◆ WORK TO BE COMPLETED ◆
Start at the first line below and write out everything verbatim except the pictures.

◆ DATA PROVIDED ◆
──────────────────────────────
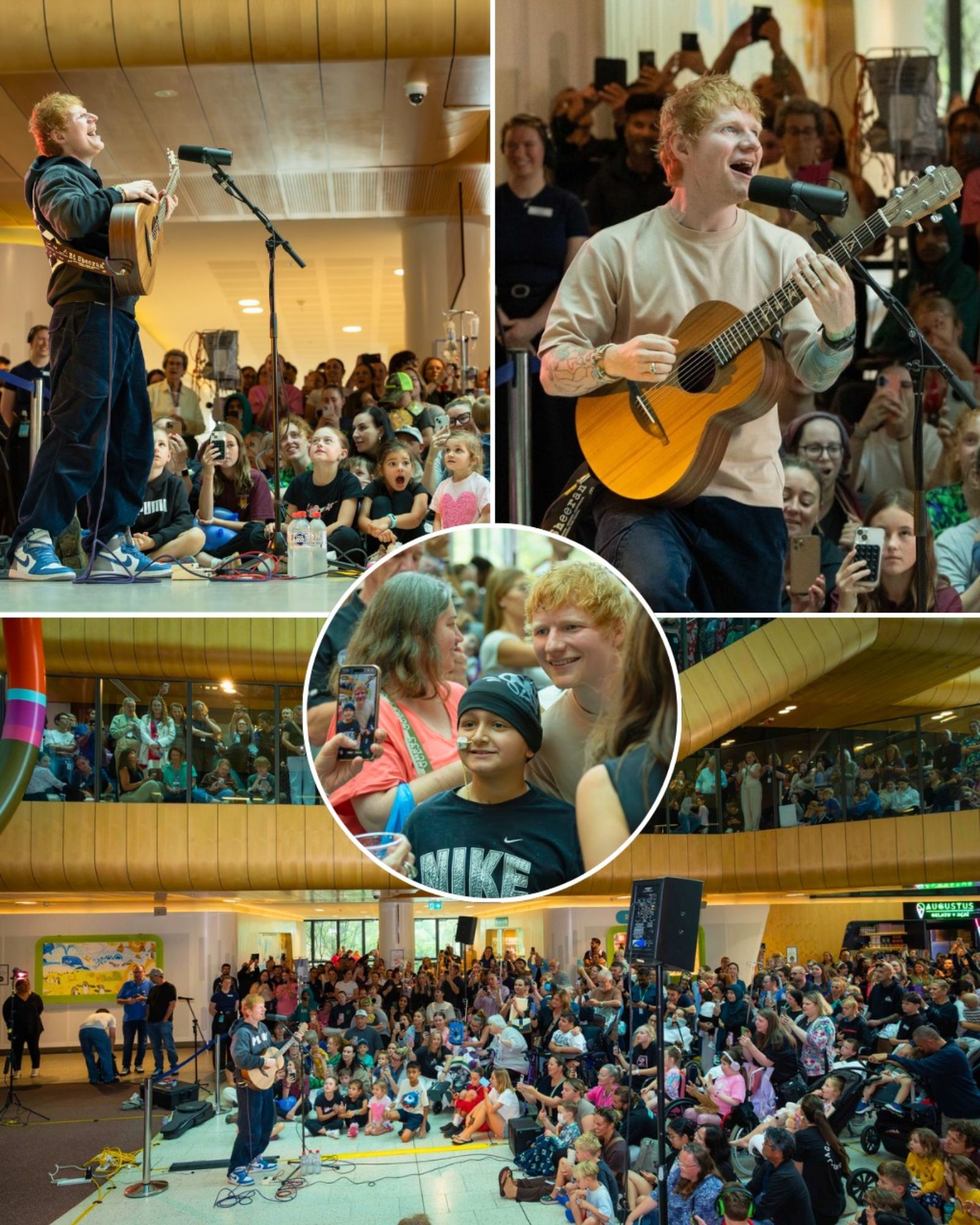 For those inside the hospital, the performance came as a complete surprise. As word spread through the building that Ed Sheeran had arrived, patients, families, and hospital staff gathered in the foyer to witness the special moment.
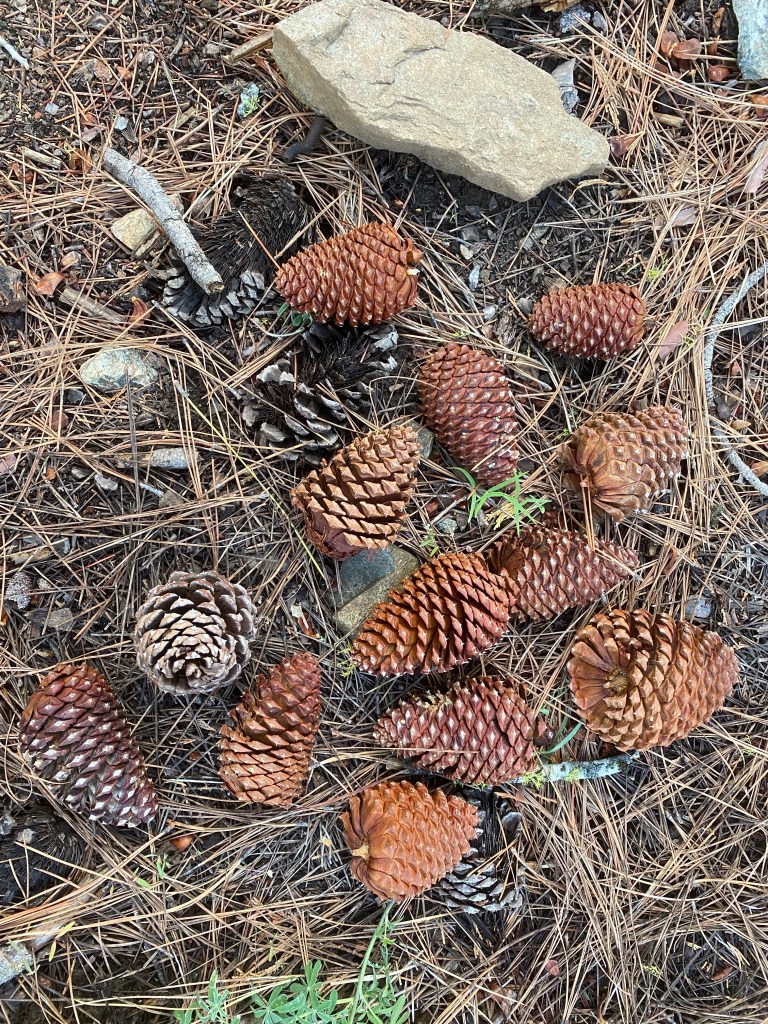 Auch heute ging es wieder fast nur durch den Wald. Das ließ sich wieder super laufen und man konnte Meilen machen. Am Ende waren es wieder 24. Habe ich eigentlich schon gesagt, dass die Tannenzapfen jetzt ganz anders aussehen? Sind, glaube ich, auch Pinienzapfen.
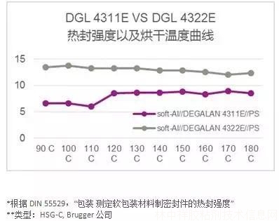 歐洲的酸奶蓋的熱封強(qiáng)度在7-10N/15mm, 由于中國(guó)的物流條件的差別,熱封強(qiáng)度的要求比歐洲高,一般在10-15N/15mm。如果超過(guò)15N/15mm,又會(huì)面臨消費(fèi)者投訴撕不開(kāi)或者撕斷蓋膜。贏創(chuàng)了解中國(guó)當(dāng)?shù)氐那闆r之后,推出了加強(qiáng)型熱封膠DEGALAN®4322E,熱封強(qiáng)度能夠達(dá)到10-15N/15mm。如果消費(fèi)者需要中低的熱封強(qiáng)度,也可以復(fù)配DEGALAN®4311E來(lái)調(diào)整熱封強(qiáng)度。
──────────────────────────────
◆ WRITTEN RESPONSE ◆
 For those inside the hospital, the performance came as a complete surprise. As word spread through the building that Ed Sheeran had arrived, patients, families, and hospital staff gathered in the foyer to witness the special moment.
 Auch heute ging es wieder fast nur durch den Wald. Das ließ sich wieder super laufen und man konnte Meilen machen. Am Ende waren es wieder 24. Habe ich eigentlich schon gesagt, dass die Tannenzapfen jetzt ganz anders aussehen? Sind, glaube ich, auch Pinienzapfen.
 歐洲的酸奶蓋的熱封強(qiáng)度在7-10N/15mm, 由于中國(guó)的物流條件的差別,熱封強(qiáng)度的要求比歐洲高,一般在10-15N/15mm。如果超過(guò)15N/15mm,又會(huì)面臨消費(fèi)者投訴撕不開(kāi)或者撕斷蓋膜。贏創(chuàng)了解中國(guó)當(dāng)?shù)氐那闆r之后,推出了加強(qiáng)型熱封膠DEGALAN®4322E,熱封強(qiáng)度能夠達(dá)到10-15N/15mm。如果消費(fèi)者需要中低的熱封強(qiáng)度,也可以復(fù)配DEGALAN®4311E來(lái)調(diào)整熱封強(qiáng)度。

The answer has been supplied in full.